ABOUT THIS TASK -
Take the line that contains "男性向けラノベタイトル風あだ名 | 『ぴょんこすの憂鬱』 |" and each line after it to the end of the material below, and return them exactly, minus the pictures.

MATERIAL PROVIDED -

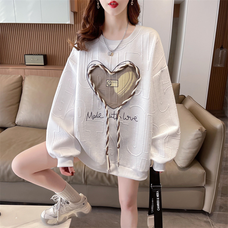 丸首スウェットシャツ レディース 裏起毛 厚手 2025秋冬 ゆったりスタイル ミドル丈 ラムウール風 レタープリントトップス 卸売
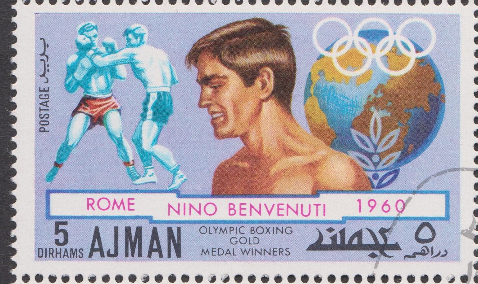 Diese am 27.09.1971 ausgegebene Briefmarke, Ajman MiNr. 1056, ehrt diesen Olympiasieg:
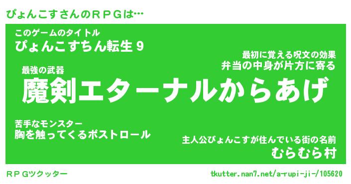 | 男性向けラノベタイトル風あだ名 | 『ぴょんこすの憂鬱』 |
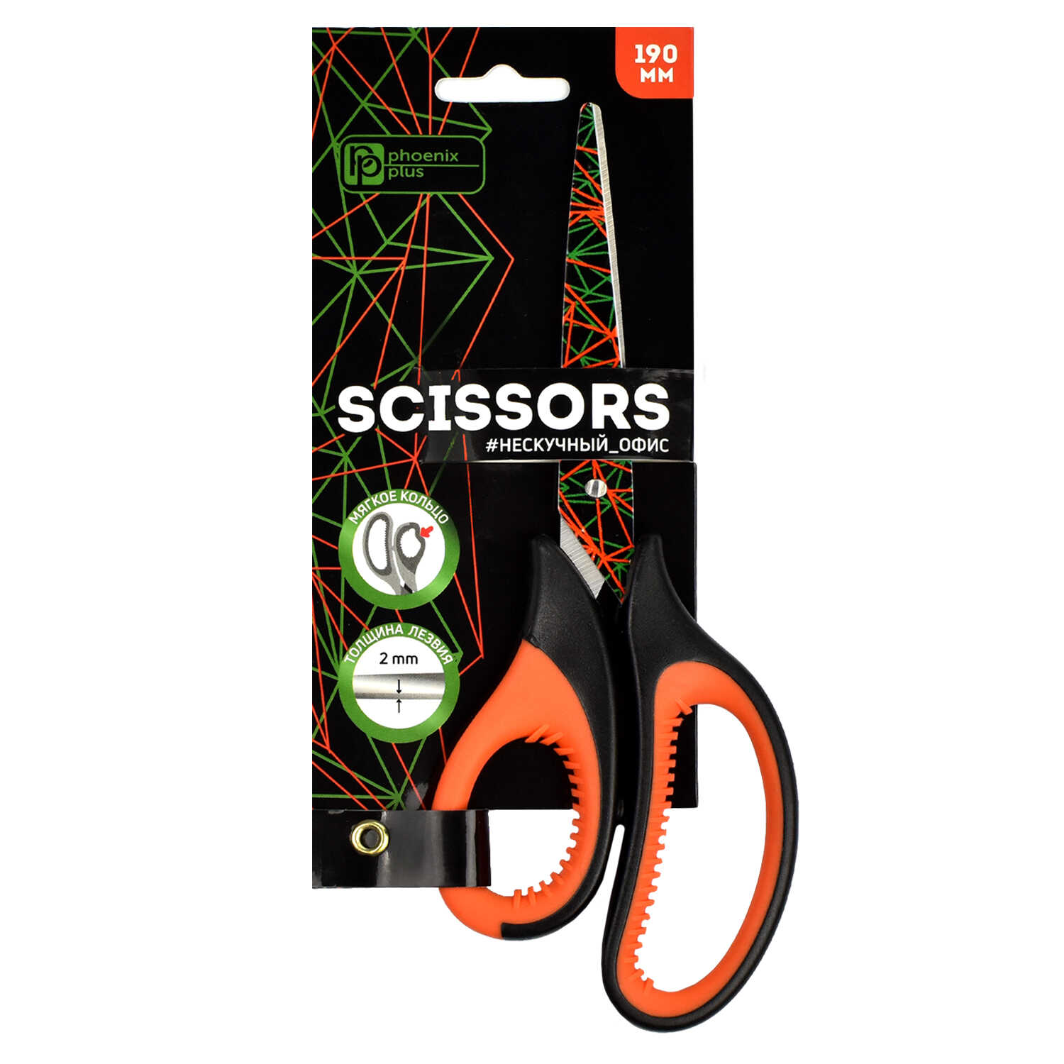 Ножницы офисные ГЕОМЕТРИЯ (зелёный, оранжевый, чёрный, 19 см)

FINAL ANSWER -
 | 男性向けラノベタイトル風あだ名 | 『ぴょんこすの憂鬱』 |
 Ножницы офисные ГЕОМЕТРИЯ (зелёный, оранжевый, чёрный, 19 см)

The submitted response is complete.